A. Try plotting a histogram and fitting a Normal curve to your data on the same plot. The instructions for this are available here: Creating histograms in SPSS.

However, if you are using this method as a means of helping you decide which is the right test for comparing two or more groups, then it would be best if you proceeded to Q 4., below and the accompanying solution.

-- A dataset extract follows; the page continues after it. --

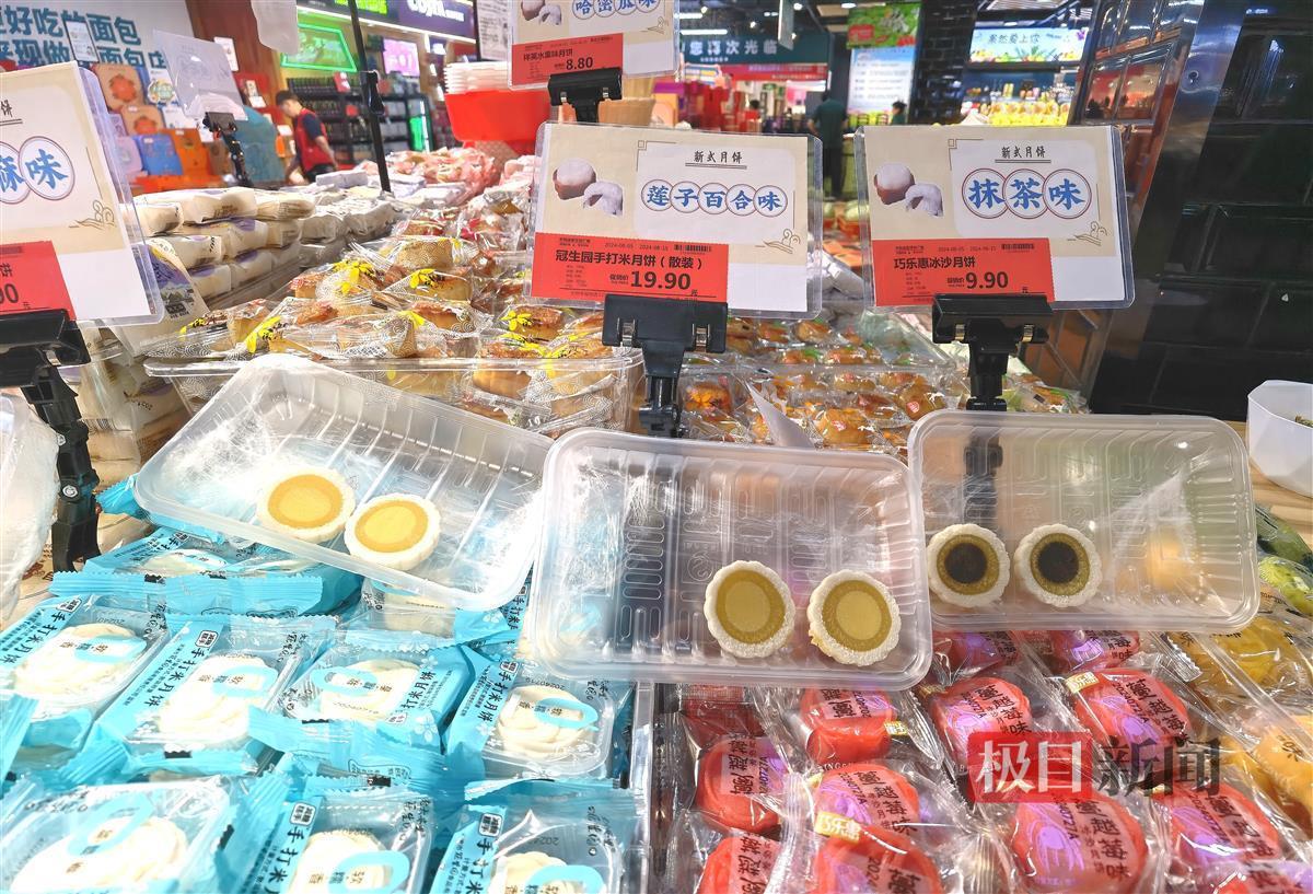 距离中秋节还有月余,但在武汉多家商超、糕点店、烘焙店里,月饼礼盒和散装月饼已经陆续上架了。8月15日,在武汉中商徐东平价广场,苏式月饼、广式月饼等多个品类的散装月饼摆放在货架上,扬子江、华美等月饼礼盒也摆放在显眼的展示台上。

· Q 2. What are parametric data?

A. Within the context of hypothesis testing, parametric data may be understood as data which follows a known distribution. Usually, the known distribution is the Normal distribution, which is why we often hear of the dichotomy between tests for Normally distributed data and tests for non-parametric data (or non-parametric tests). Examples of this dichotomy are provided in the two flowcharts on the WordPress page Some Useful Flowcharts of the current WordPress site.  These flowcharts are designed to assist you in choosing the right test(s) to address your study questions based on the type of data you have and your underlying hypotheses.

· Q 3. Why are tests of Normality so essential to parametric testing?

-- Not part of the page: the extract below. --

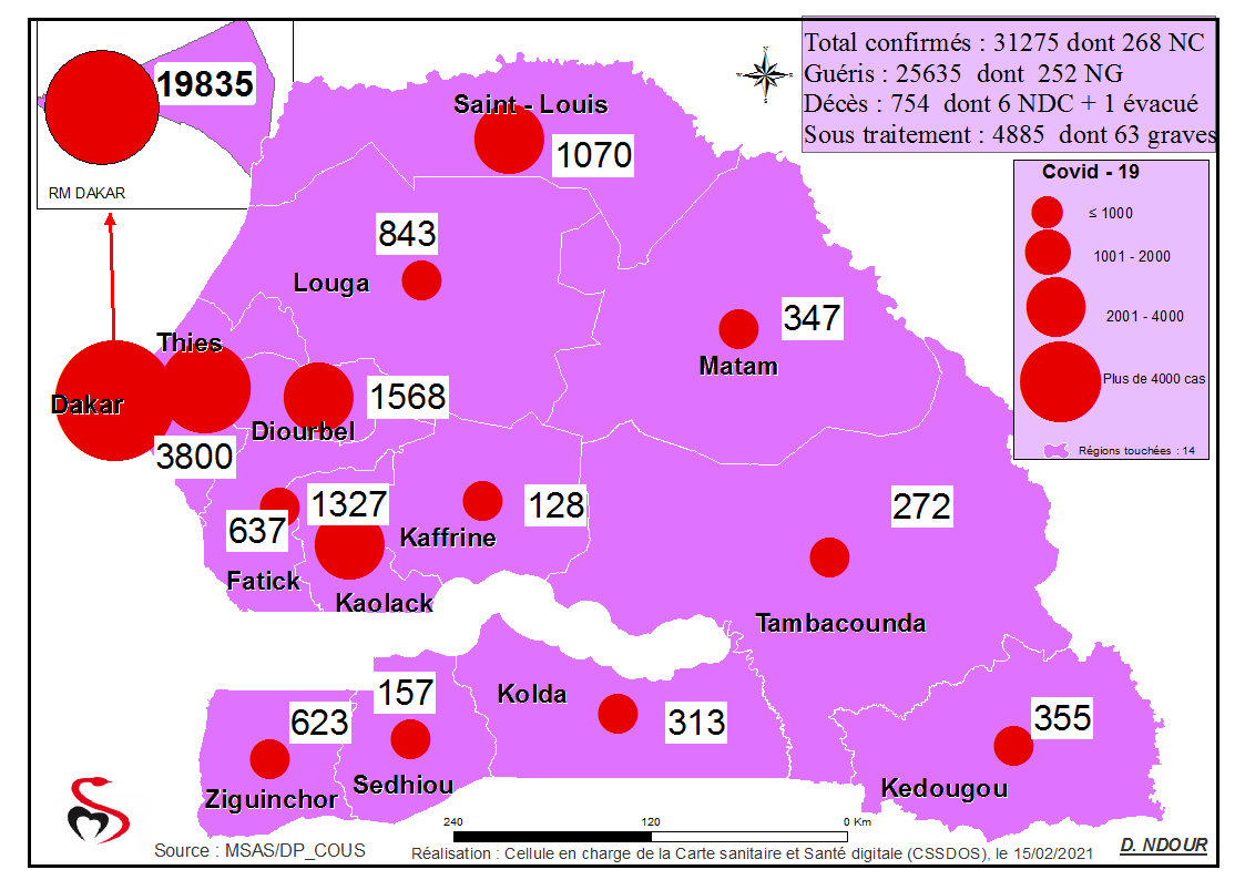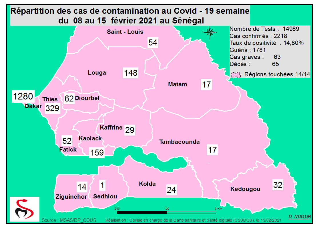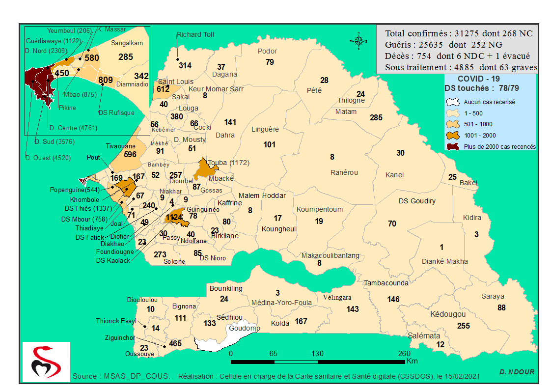 Coronavirus : Répartition par Région et District des cas de contamination à la Covid-19 au Sénégal du Lundi 15 février 2021

A. Often, when we perform a hypothesis test we are trying to refute a statement of no association or difference, called the Null Hypothesis. For example, if we were comparing two means for two samples, we would start with the null hypothesis that the means for the populations from which these samples were obtained are actually the same.

We might take this approach, for example, when comparing pain levels for two different groups of patients following use of a particular analgesic, provided the data are on a measurement scale (e.g. from 1 to 60) which is not limited to only a few categories.

In order to refute the null hypothesis we would need to have obtained a test statistic with a value which would be sufficiently extreme. But what is a test statistic, you may well ask?

Well, first of all each test statistic is dependent on a choice of test and therefore if we are going to draw the correct conclusion for our data, we had better be sure that we have chosen the correct hypothesis test.

For the example I have mentioned above, you would therefore use a t-test only if it was correct to assume that the two samples were taken from populations which were approximately Normally distributed. There are many ways of testing this assumption.

It is true that sometimes we can transform the data using logs or other functions to force the data to be Normally distributed but often this does not work. If this were the case with our example above, but the two samples did nevertheless come from populations with similar distributions, then you would perform a different test called the Mann-Whitney U-test.

Now back to the test statistic. A test statistic is a statistic which is calculated using the sample data and for which the value decides whether or not to reject the null hypothesis. The formula for calculating the test statistic depends on the distributions of the data from which our samples were taken. There is one test statistic for the independent samples t-test and another for the Mann-Whitney U-test when simply comparing for a difference between our samples. It is therefore important to check the distributions from which these samples were taken before calculating the test statistic.

To see an example of the application of a test statistic in practice, have a look at  Chapter 7. The t tests of the e-book
Statistics at Square One
a
nd consider in particular how the test statistics, t, are calculated for different types of t-test.

However, I cannot stress too highly how useful the text Medical Statistics at a Glance would be in helping you get to grips with these essentials.  If you are registered with the University of Edinburgh, you can consult the electronic version of this book via the University’s library discovery system, DiscoverEd.
Here are some reference details:

    • Title: Medical statistics at a glance
    • Author: Aviva Petrie
    • Caroline Sabin
    • Publisher: Hoboken : Wiley
    • Publication Date: 2013
  • Edition: Third edition

· Q 4. I am considering comparing time to hospital discharge data for groups of patients defined according to how long they waited to see the consultant. Where can I find more comprehensive information on tests of Normality for each group (including advice on more precise tests).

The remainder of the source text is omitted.